» WHAT THIS TASK INVOLVES:
When you repeat the material, keep each line exact and omit the pictures.

» DATA IN THIS EXERCISE:
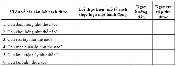 - Gợi ý cách dạy: Làm mẫu cách thực hiện cho trẻ. Nếu trẻ biết đọc, hãy sử dụng các gợi ý được viết sẵn ra giấy (ghi các mô tả cách thức cho trẻ đọc) và giảm dần gợi ý cho trẻ theo cách này qua từng tiết dạy.
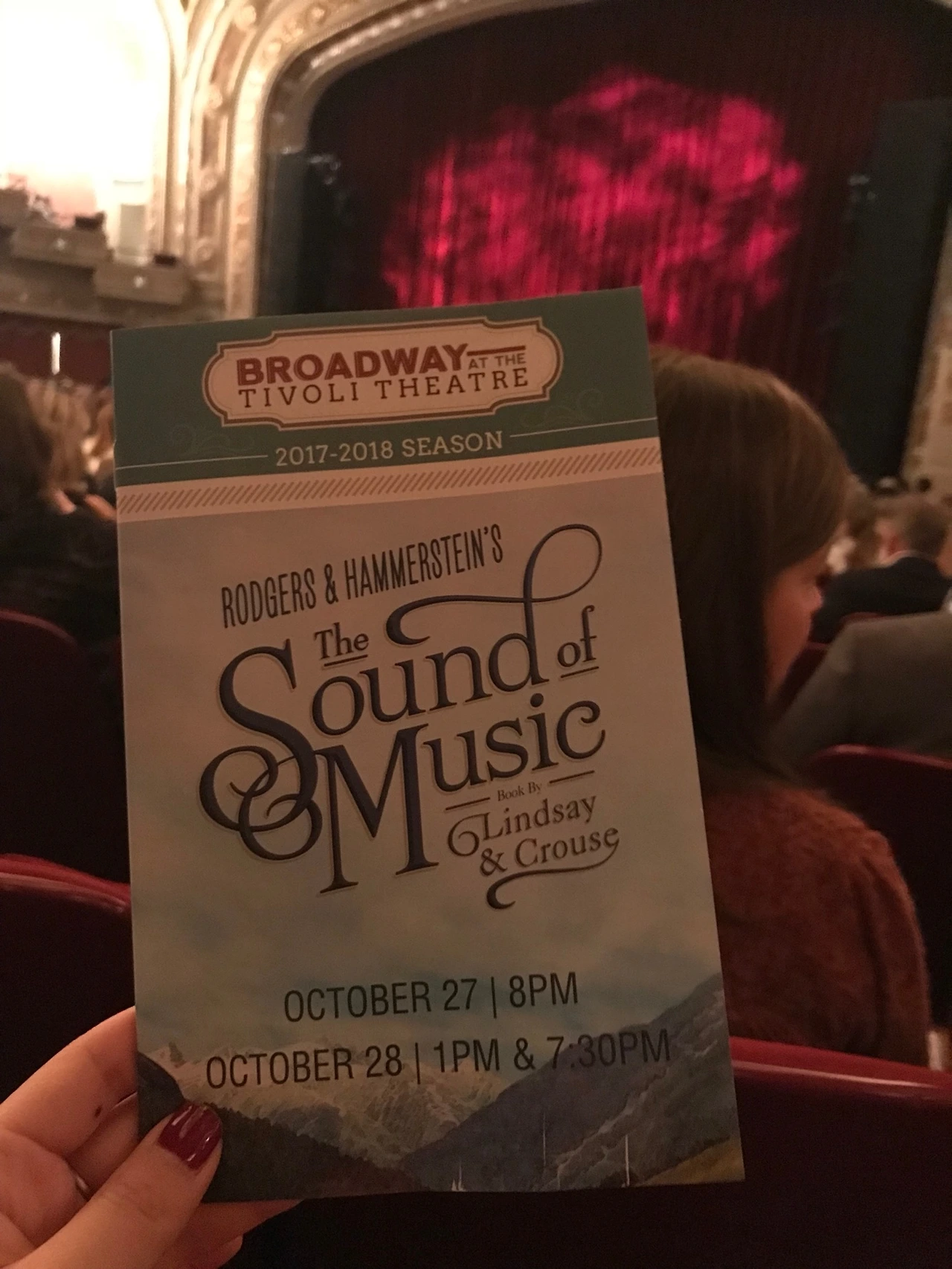 레이첼이 친구 D와 내가 오기로 하기 전부터 사운드 오브 뮤직이라는 뮤지컬을 보기로 했다고 나에게도 같이 보자고 했다. 테네시에 도착한 주말에 함께 공연장으로 갔다.
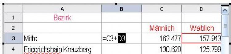 Wie in OpenOffice.org Calc können Sie Formeln eingeben, mit <return> abschließen und.....
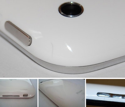 圖為:外殼出現龜裂的白色iPhone 3G
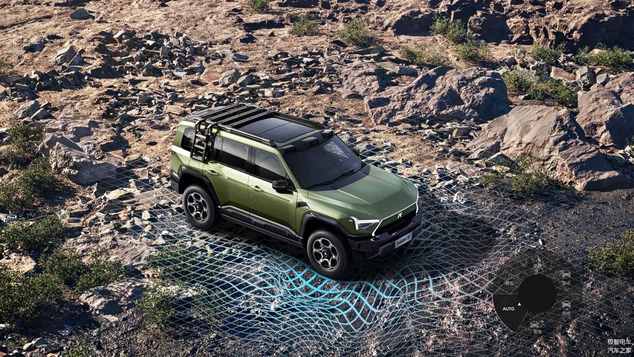 猛士智能越野全地形系统,让越野更轻松。M817 含 1 种 AUTO、2 种公路、6 种全地形共 9 种驾驶模式,覆盖全路况;智能 E 锁精准分配动力,单轮可脱困;3.5m 小半径原地掉头,野外易脱困;越野座舱、6D IMU 感知、低速辅助简化操作,对新手友好;专家模式供专业玩家自定义。
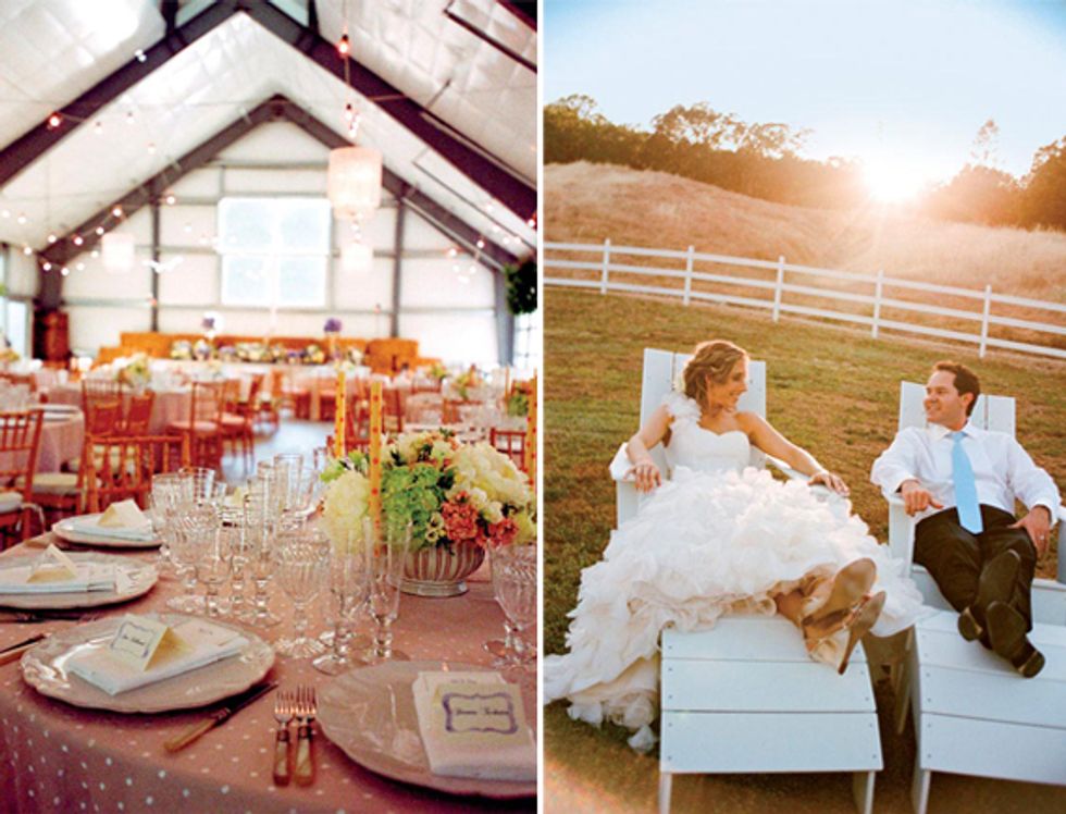 (Left) When it came to the ceremony, the couple decided to be uncharacteristically speedy. “We kept it short and sweet,” says Talia. In a nod to her Quaker upbringing, the vows included a moment of silence, a traditional part of that faith’s service. (Right) Originally, the bride planned on wearing a dress that “looked like it would be at home in a country music video” and cowboy boots. But when she saw this gown, she decided to go more runway than rodeo.

» WRITTEN RESPONSE:
 - Gợi ý cách dạy: Làm mẫu cách thực hiện cho trẻ. Nếu trẻ biết đọc, hãy sử dụng các gợi ý được viết sẵn ra giấy (ghi các mô tả cách thức cho trẻ đọc) và giảm dần gợi ý cho trẻ theo cách này qua từng tiết dạy.
 레이첼이 친구 D와 내가 오기로 하기 전부터 사운드 오브 뮤직이라는 뮤지컬을 보기로 했다고 나에게도 같이 보자고 했다. 테네시에 도착한 주말에 함께 공연장으로 갔다.
 Wie in OpenOffice.org Calc können Sie Formeln eingeben, mit <return> abschließen und.....
 圖為:外殼出現龜裂的白色iPhone 3G
 猛士智能越野全地形系统,让越野更轻松。M817 含 1 种 AUTO、2 种公路、6 种全地形共 9 种驾驶模式,覆盖全路况;智能 E 锁精准分配动力,单轮可脱困;3.5m 小半径原地掉头,野外易脱困;越野座舱、6D IMU 感知、低速辅助简化操作,对新手友好;专家模式供专业玩家自定义。
 (Left) When it came to the ceremony, the couple decided to be uncharacteristically speedy. “We kept it short and sweet,” says Talia. In a nod to her Quaker upbringing, the vows included a moment of silence, a traditional part of that faith’s service. (Right) Originally, the bride planned on wearing a dress that “looked like it would be at home in a country music video” and cowboy boots. But when she saw this gown, she decided to go more runway than rodeo.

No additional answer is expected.